In the present invention, the material suitably used for the [B] layer is preferably silicon dioxide having an amorphous and dense film quality and excellent gas barrier properties. “Silicon dioxide” may be referred to as “SiO ₂ ”. Also, silicon (SiO ₂₎ dioxide, the generation time conditions, said that deviates slightly from the composition formula of silicon and oxygen composition ratio (SiO~SiO ₂₎ although it is possible to produce, in this specification It will be expressed as silicon dioxide or SiO ₂ .

  The reason why the effect of the present invention can be obtained by laminating the [B] layer on the [A] layer is considered as follows. That is, since the [A] layer is the first crosslinked resin layer having a pencil hardness of H or higher, the heat resistance and thermal dimensionality of the polymer base material are improved. Then, by forming a silicon dioxide layer on the [A] layer, the silicon dioxide layer is formed as compared to forming the silicon dioxide layer directly on the polymer substrate. Since the polymer substrate can be prevented from being damaged by plasma ions and radicals, a stable and dense silicon dioxide layer can be formed. Furthermore, since the surface free energy of the [A] layer is in the range of 45 mN / m or less, the sputtered particles of the silicon dioxide layer on the surface of the polymer base material are more likely to diffuse, which is closer to the surface of the polymer base material than before. It is presumed that the gas barrier properties can be improved because the film quality becomes finer and denser.

[B] If the layer contains silicon oxide, oxide, nitride, sulfide, or a mixture of elements such as Zn, Al, Ti, Zr, Sn, In, Nb, Mo, Ta, etc. May be included. Especially, it is preferable that it is comprised by the composition containing a zinc compound and a silicon oxide. Among those composed of such a composition, a layer composed of a coexisting phase of zinc oxide-silicon dioxide-aluminum oxide (hereinafter also referred to as “[B1] layer”) or [B2] A layer composed of a coexisting phase of zinc sulfide and silicon dioxide (hereinafter sometimes referred to as “[B2] layer”) is preferably used. (Detailed explanation of each of the [B1] layer and the [B2] layer will be given later.)
The thickness of the [B] layer used for this invention is 10 nm or more and 1000 nm or less as the thickness of the layer which expresses gas barrier property. When the thickness of the layer is less than 10 nm, there may be a portion where sufficient gas barrier properties cannot be ensured, resulting in problems such as variations in gas barrier properties within the polymer substrate surface. In addition, when the thickness of the layer is greater than 1000 nm, the stress remaining in the layer increases, so that the [B] layer is liable to be cracked by bending or external impact, and the gas barrier property decreases with use. There is. 100 nm or more and 500 nm or less are preferable from a viewpoint of ensuring a softness | flexibility. [B] The thickness of the layer can usually be measured by cross-sectional observation with a transmission electron microscope (TEM).

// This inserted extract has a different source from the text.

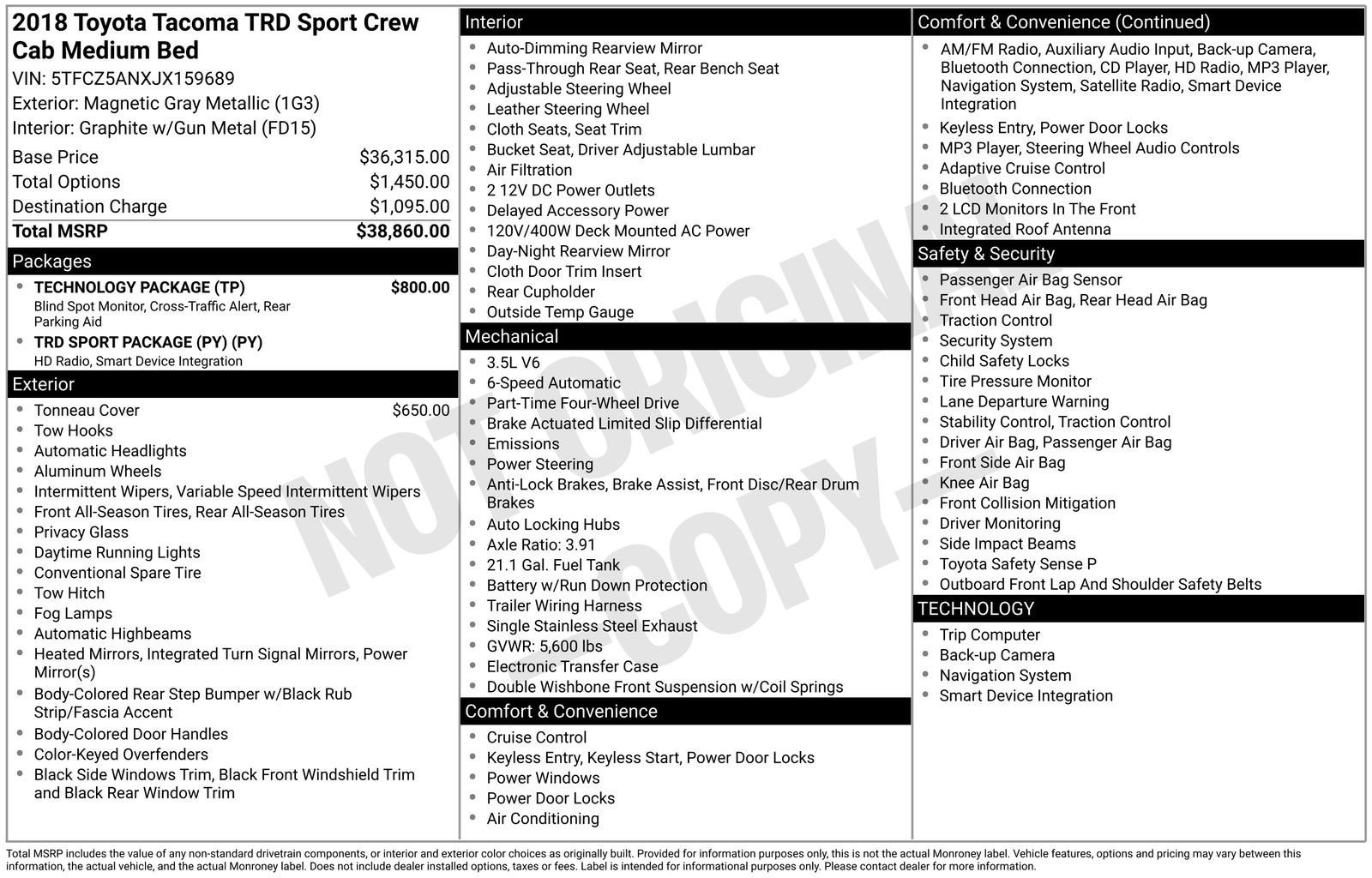Gray 2018 Toyota Tacoma TRD Sport V6 4WD 6-Speed 3.5L V6 PDI DOHC 24V LEV3-ULEV70 278hp

  The method for forming the [B] layer is not particularly limited, and can be formed by, for example, a vacuum deposition method, a sputtering method, an ion plating method, a CVD method, or the like. Among these methods, the sputtering method is preferable as a method for forming the [B] layer easily and inexpensively.

[B1] Layer Next, as the [B1] layer suitably used as the silicon-containing inorganic layer in the present invention, a layer composed of a coexisting phase of zinc oxide-silicon dioxide-aluminum oxide will be described in detail. The “coexisting phase of zinc oxide-silicon dioxide-aluminum oxide” is sometimes referred to as “ZnO—SiO ₂ —Al ₂ O ₃ ”. In addition, silicon dioxide (SiO ₂ ) is described as silicon dioxide or SiO ₂ regardless of a slight deviation from the composition ratio of silicon and oxygen. However, zinc oxide and aluminum oxide also have such a composition. The deviation from the chemical formula of the ratio is handled in the same way. That is, in this specification, it will be expressed as zinc oxide or ZnO, aluminum oxide or Al ₂ O ₃ regardless of the difference in composition ratio depending on the conditions during generation.

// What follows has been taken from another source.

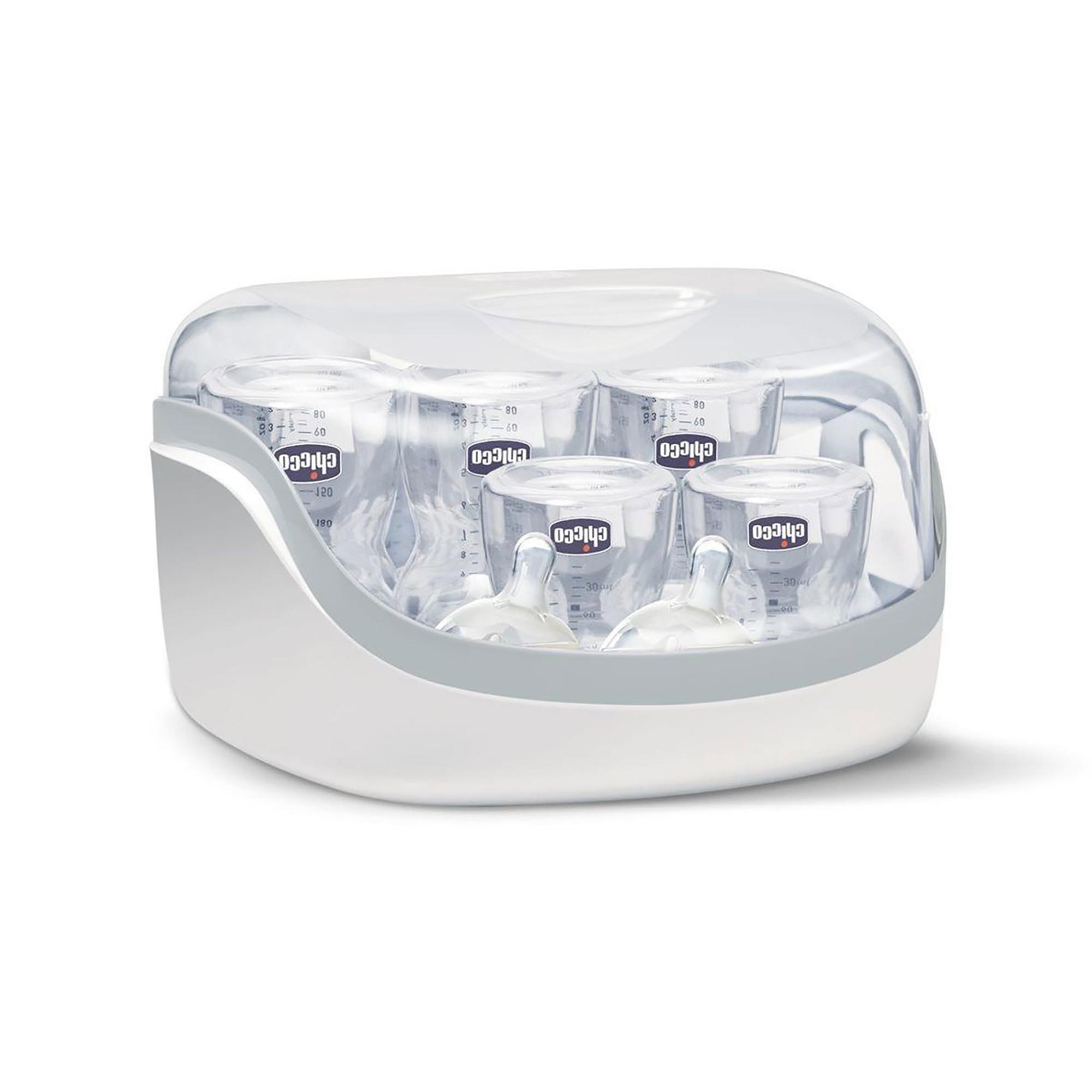 Con lo sterilizzatore a vapore per microonde, tutti gli oggetti in plastica del bambino (biberon, tettarelle, succhietti, piccoli giocattoli, stoviglie, ecc.) vengono sterilizzati rapidamente e accuratamente. In soli 5 minuti, fino a 5 biberon e accessori (anelli a vite e tettarelle) possono essere sterilizzati e disinfettati a 840 W con il vapore. Gli oggetti rimangono sterili per circa 5 ore con il coperchio chiuso.

  The reason why the gas barrier property is improved by applying the [B1] layer in the gas barrier film of the present invention is that, in the coexisting phase of zinc oxide-silicon dioxide-aluminum oxide, the crystalline component contained in zinc oxide and silicon dioxide Presuming that by coexisting with the amorphous component, crystal growth of zinc oxide, which tends to generate microcrystals, is suppressed and the particle size is reduced, so that the layer is densified and the permeation of oxygen and water vapor is suppressed. Yes.

  In addition, it is considered that the coexistence of aluminum oxide can suppress the crystal growth more than the coexistence of zinc oxide and silicon dioxide, so that it is possible to suppress the decrease in gas barrier properties due to the generation of cracks. .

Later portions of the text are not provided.